I have had the battery tab spot welds sheer clean off an internal battery by putting a game cartridge in the freezer (trying to freeze sticker adhesive to make it brittle). It was Ken Griffey Junior's Major League Baseball for Super Nintendo Entertainment System, but I was unable to intentionally duplicate the originally-unintended result when I tried to deliberately do that with a couple original copies of Pokemon Red on original Game Boy (had two different tabbed batteries but we're not bootlegs). Probably a lot of factors in play here, like how fast the temperature drops, how dissimilar the temperature gets between the tabs and the cell, and how spaced apart the spot welds are (Game Boy batteries are smaller).

Anyway, I never wanted to waste my cold-in-a-can on that curiosity because SNES cartridges are big enough to mount a battery holder and tabbed batteries for Game Boy games are easily available. I do wonder if a quick squirt would pop the tab right off or if getting it nice and warm before touching the spot welds to dry ice might work more consistently.

For those who don't know, Tennokoe Bank is a PC Engine "HuCard," which is a credit-card sized game cartridge format for a Japanese videogame console. In order to accommodate the battery it is already thicker than a standard HuCard so there is no room for a holder and VERY little room for improvisation without just abandoning the idea of stealthily closing it back up.

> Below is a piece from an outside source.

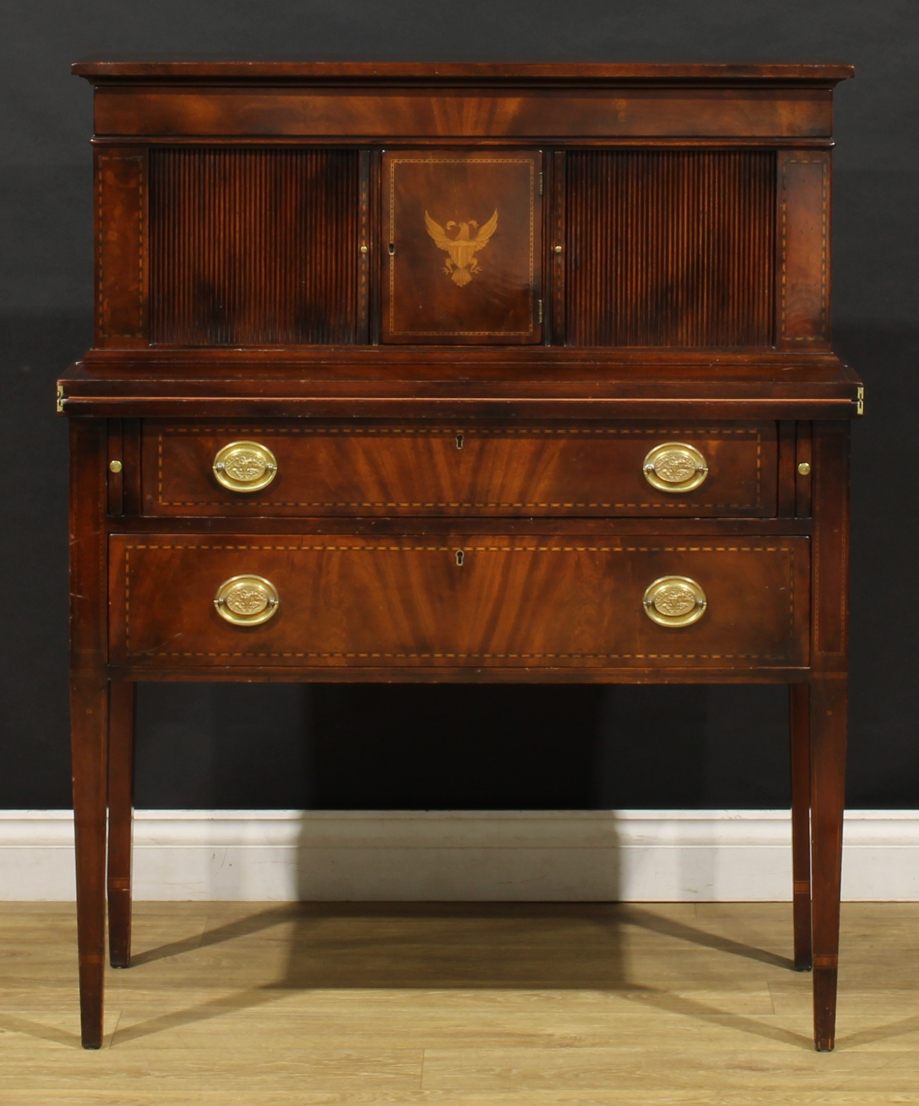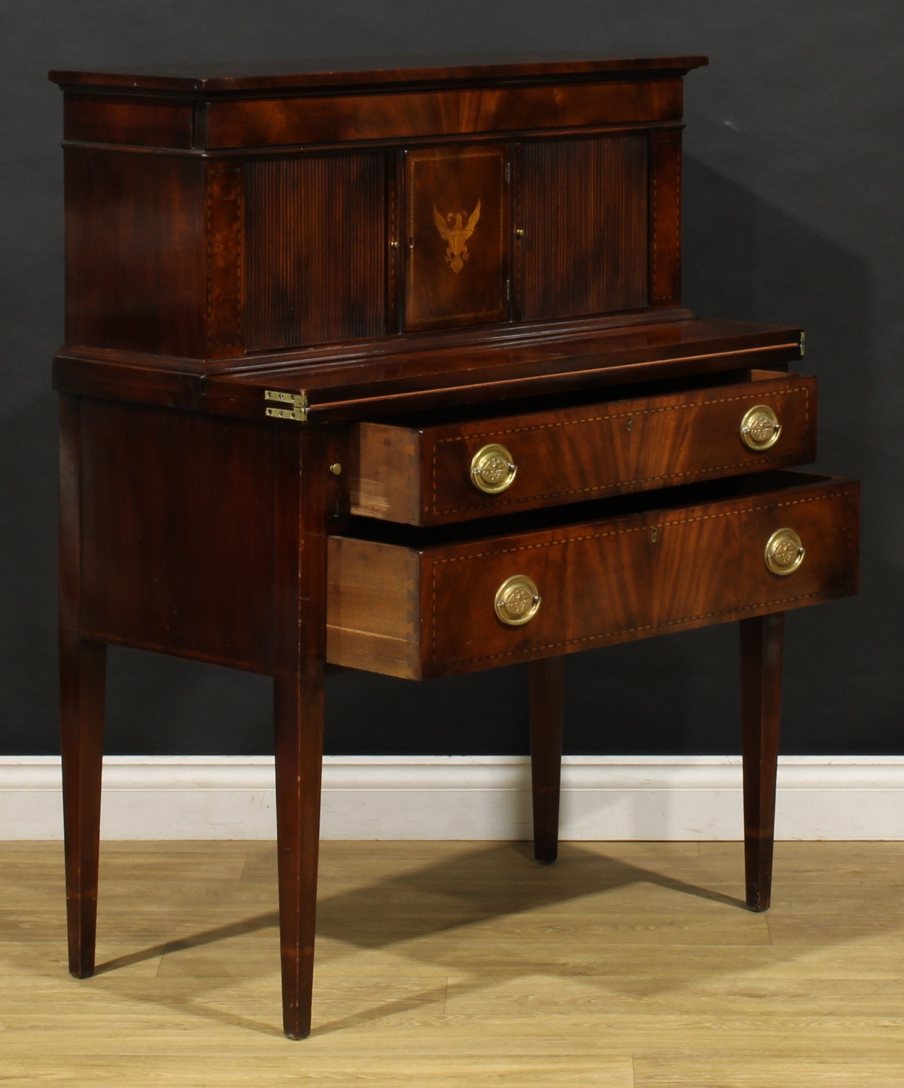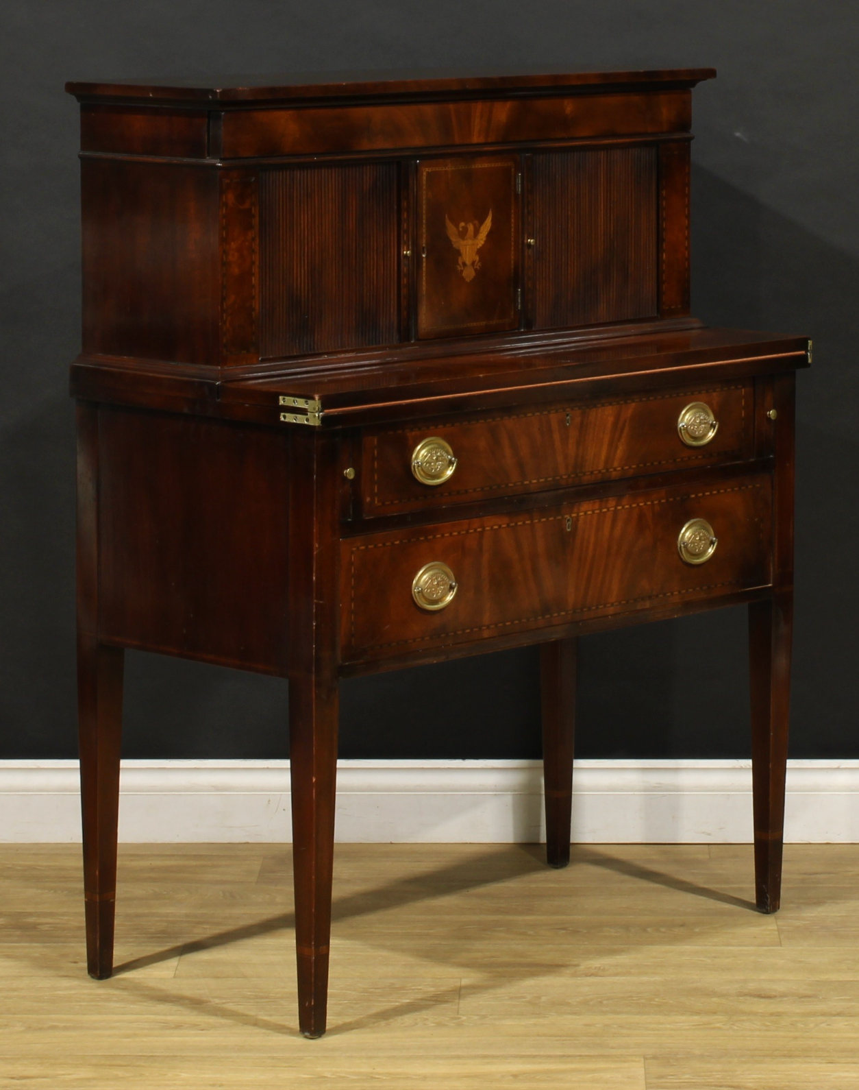 Elegante bonheur du jour americano in mogano e intarsio, appartenente alla Beacon Hill Collection (Piece Number 83), ispirato al raffinato stile Federal di fine Settecento. La parte superiore presenta una sovrastruttura con ante a serrandina (tambour) e un cassetto sottostante, mentre al centro si apre uno sportello impreziosito da un fine intarsio raffigurante un’aquila, simbolo iconico degli Stati Uniti. La parte inferiore, leggermente aggettante, cela un piano a ribalta richiudibile che funge da scrittoio, al di sotto del quale si trovano due ampi cassetti con maniglie ovali in ottone cesellate con aquile federali. L’intero mobile è arricchito da una filettatura a intarsio geometrico che ne sottolinea le linee eleganti e proporzionate. Le gambe affusolate a sezione quadrata conferiscono slancio e leggerezza alla struttura. Un esempio di maestria artigianale americana che unisce funzionalità e gusto neoclassico, perfetto come scrittoio o mobile da salotto. Etichetta originale all’interno: Beacon Hill Collection (Reg. U.S. Pat. Office), Piece Number 83.

I like the copper tape idea but I have to wonder if there will be increased resistance. These batteries originally lasted decades (heck, many STILL work) so even a slight change could cut that life back significantly. This device is intended to backup game saves from a console that only temporarily retains them using a capacitor. Yes, a non-removable battery that can't even be recharged was the longer-term/more-permanent way to store the game save files. ;) It's also the only way to transfer saves between consoles so it's basically an early battery-backed SRAM memory card. Too bad HuCard format didn't use PCMCIA like Neo Geo memory cards from the same era.

Now that I've said all that, I'd like to point out that there are a lot of cool DIY videos and projects out there for making your own spot welder specifically for the purpose of building custom battery packs from lithium cells and nickel strips. You could use the same concept to add tabs to any CR2320 battery... or re-attach them if they can be consistently removed with cold as I suspect they might.